While Millennials represent a growing opportunity for future growth, most joint health consumers are still older adults. A 2021 consumer survey by Lonza (Basel, Switzerland) found that the average joint health consumer is between the ages of 45 and 64. According to Lonza’s research, joint health supplement consumers tend to be well educated and have high incomes. Lindsey Toth, RD, associate director of health ingredients for Lonza, says that with one in six people projected to be 65 years old or older by 2050, now is the time to begin laying the groundwork of consumer education campaigns.

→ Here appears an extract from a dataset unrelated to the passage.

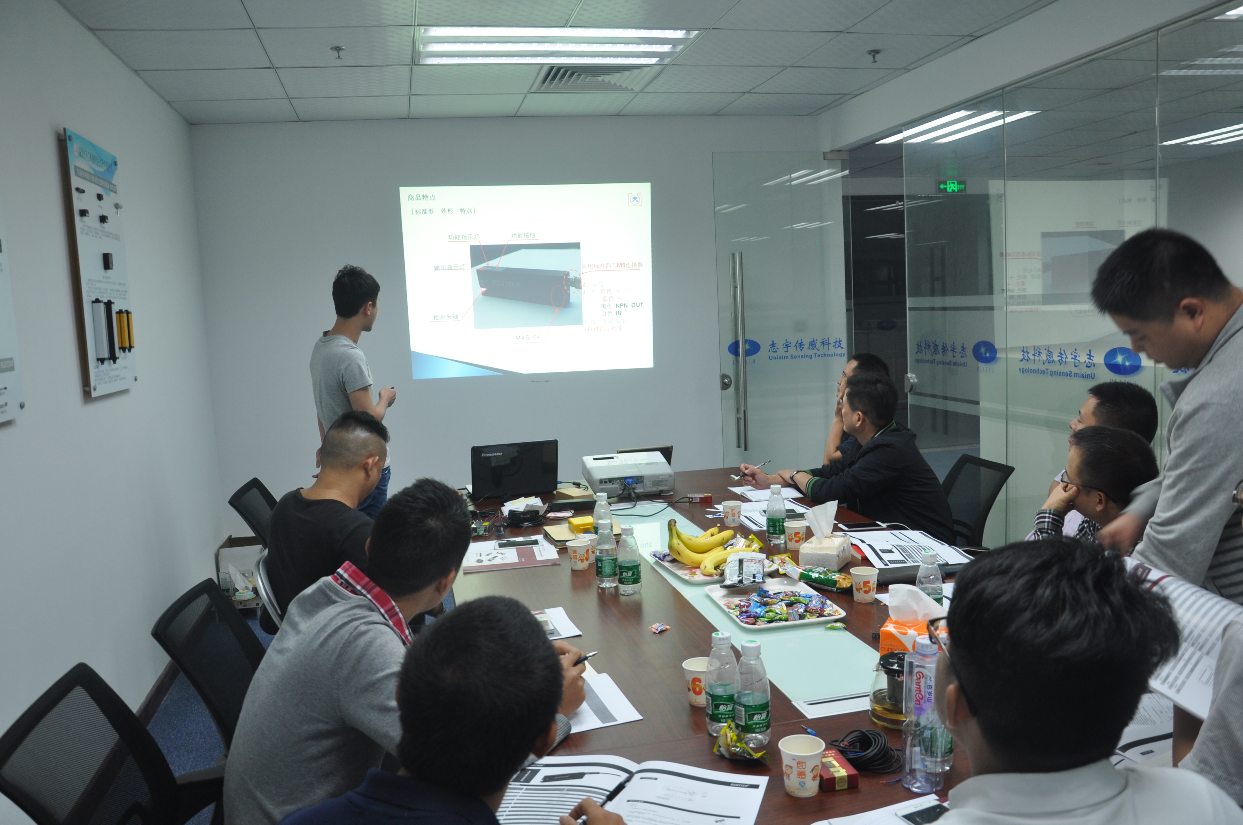 大會(huì)首先由公司總經(jīng)理?xiàng)顭ㄓ顚?duì)所有參會(huì)人員進(jìn)行了營(yíng)銷及公司文化方面的培訓(xùn),并由研發(fā)部的三位研發(fā)人員進(jìn)行了產(chǎn)品方面的培訓(xùn)。主要就公司三款新品:激光位移傳感器、標(biāo)簽傳感器及機(jī)器視覺(jué)進(jìn)行了全方位的講解并現(xiàn)場(chǎng)進(jìn)行功能演示。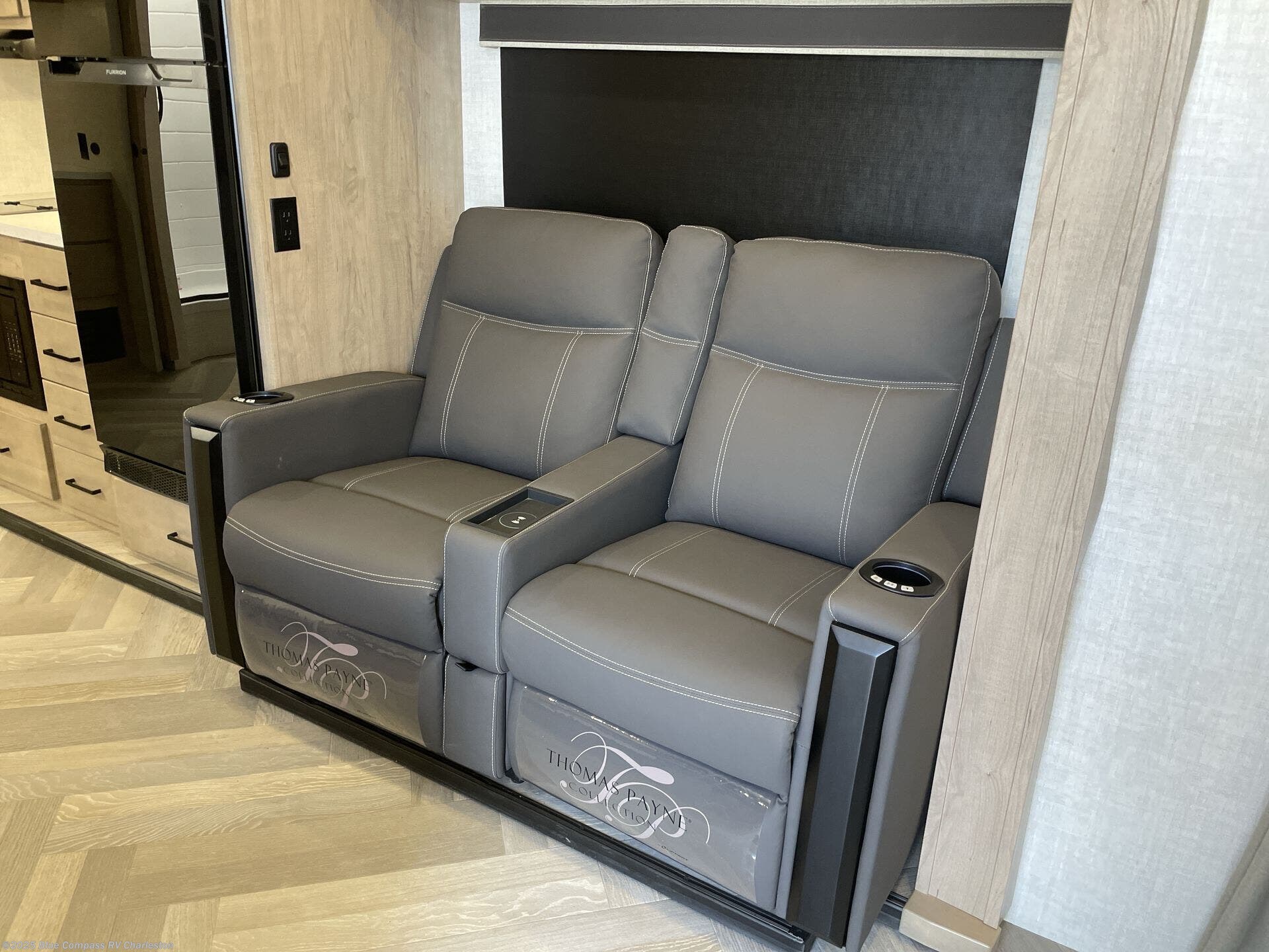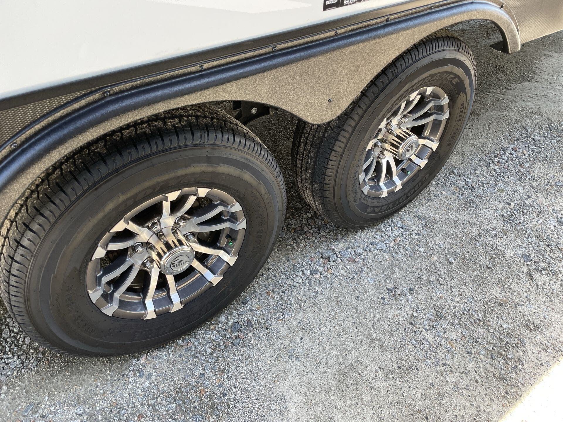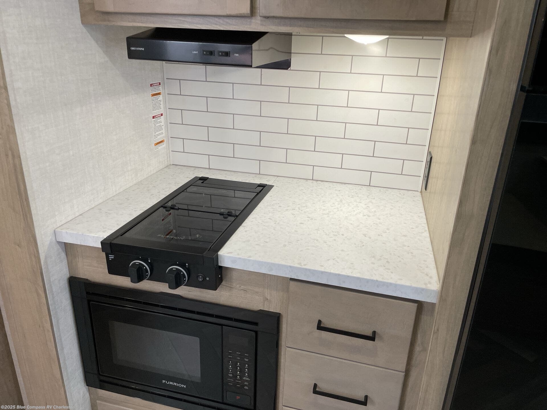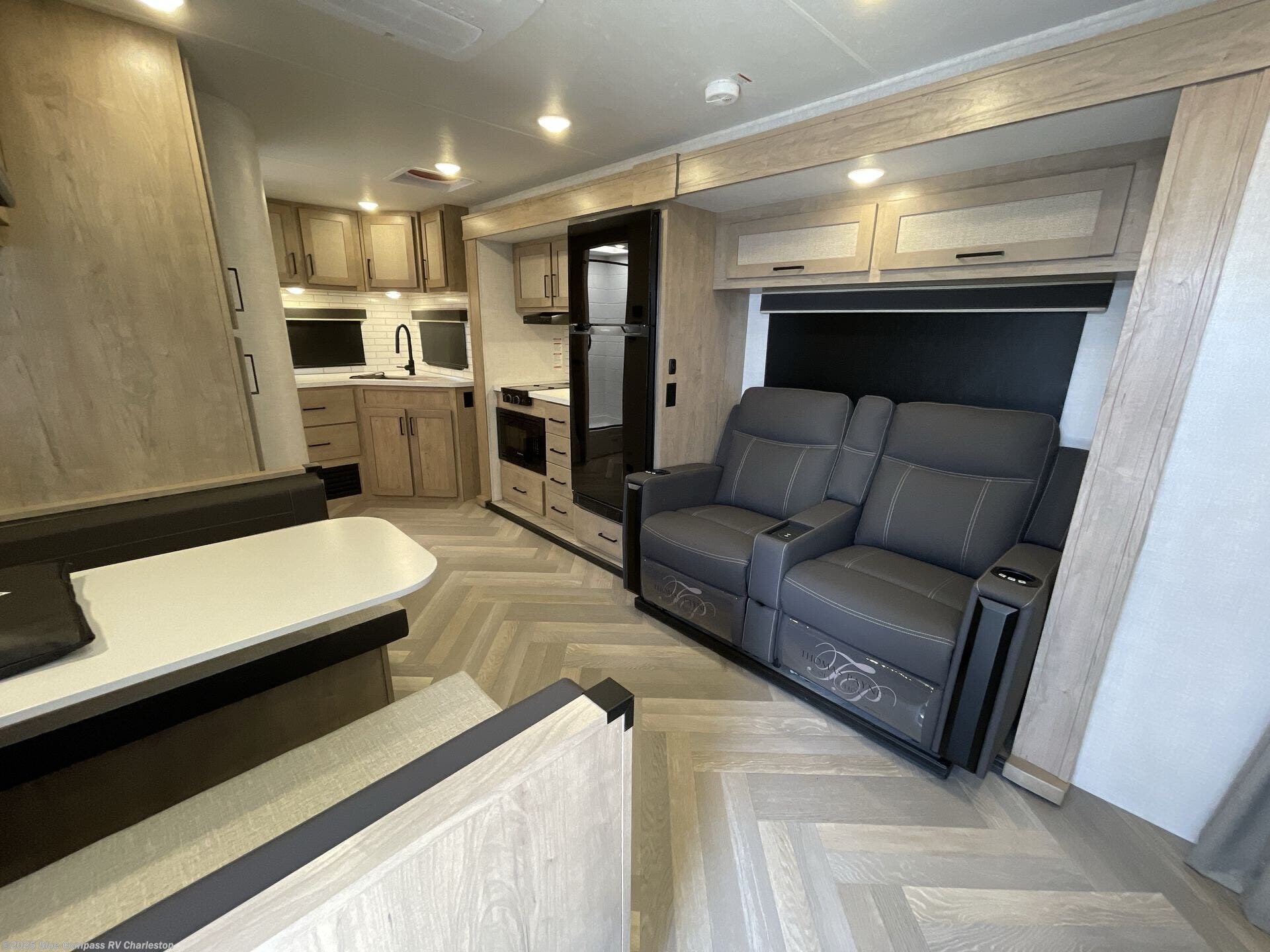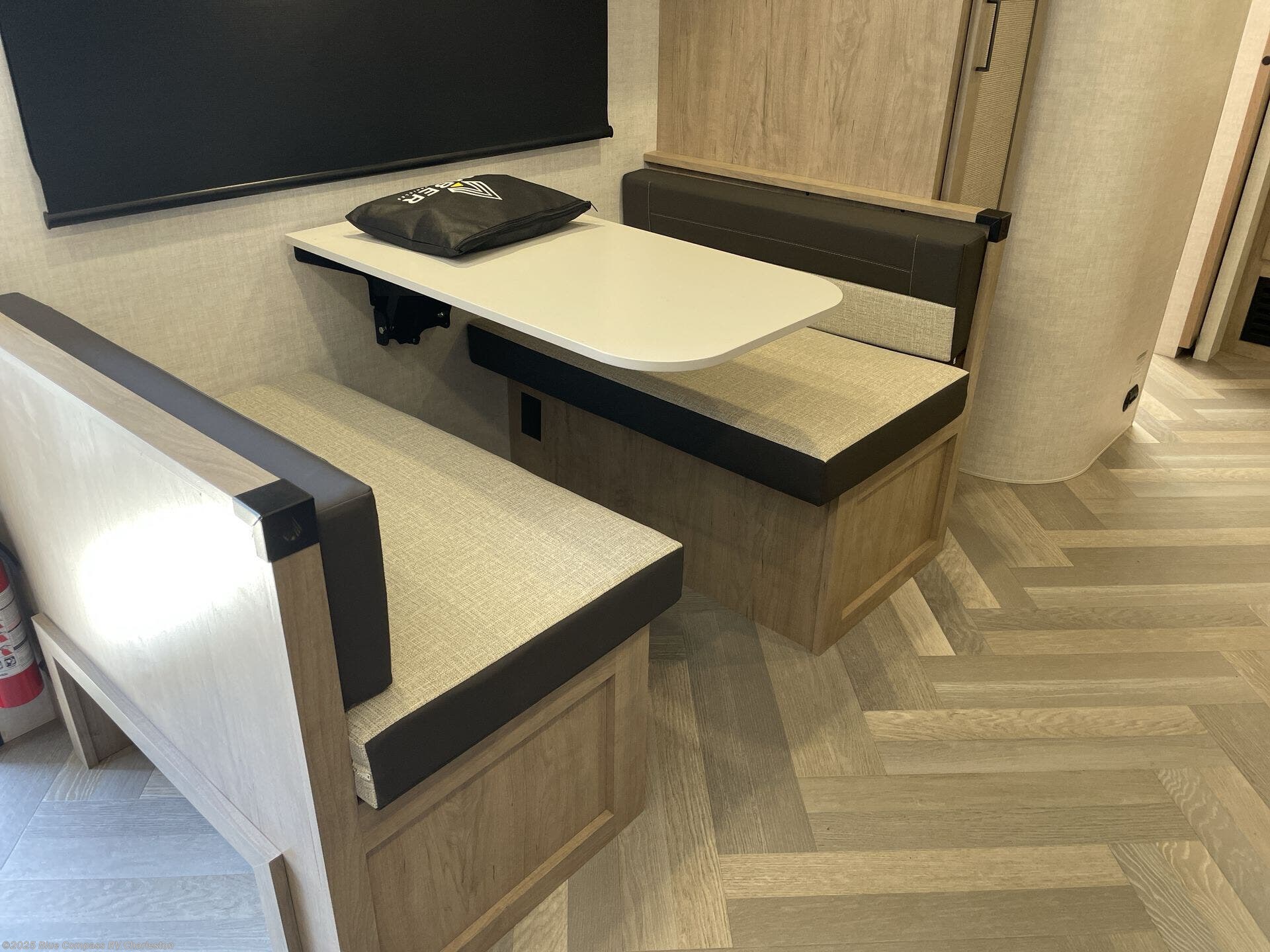 Camping trips just got a whole lot better in this tandem axle, single slide travel trailer! Once you arrive at the campground, you can put out the 18' power awning, grab your camp chairs from the pass-through storage, and relax! When you're getting hungry, head to the rear corner kitchen that includes ample counter space, a two burner cooktop, plus a 10 cu. ft. 12V refrigerator. There is also a pantry to store snacks and paper goods! You can get cozy after dinner on the theater seating that sits directly across from the HDTV for easy viewing, and there is a legless dinette if game night is in order. When you're ready for bed, the queen bed up front will provide a great night's rest, and there is a privacy curtain if you have a guest staying over on the dinette. And don't worry about storage space; this model has you covered with dual bedroom wardrobes, overhead cabinets, and convenient shoe storage!

“While collagen has taken center stage in recent years, there is largely little known by consumers about the different types of collagens and the difference in benefits they confer,” Toth says. “Lonza has invested significant research in understanding the benefits of undenatured type II collagen.”
Lonza’s branded UC-II collagen, an undenatured type II collagen ingredient, has been found to increase mobility and reduce joint discomfort in clinical studies, Toth says. One of the advantages of this type of collagen, Toth notes, is convenience of delivery. “UC-II collagen can be taken in a tiny, once-daily, easy-to-swallow dose. Pill fatigue and swallowability concerns are a huge barrier for most aging consumers.”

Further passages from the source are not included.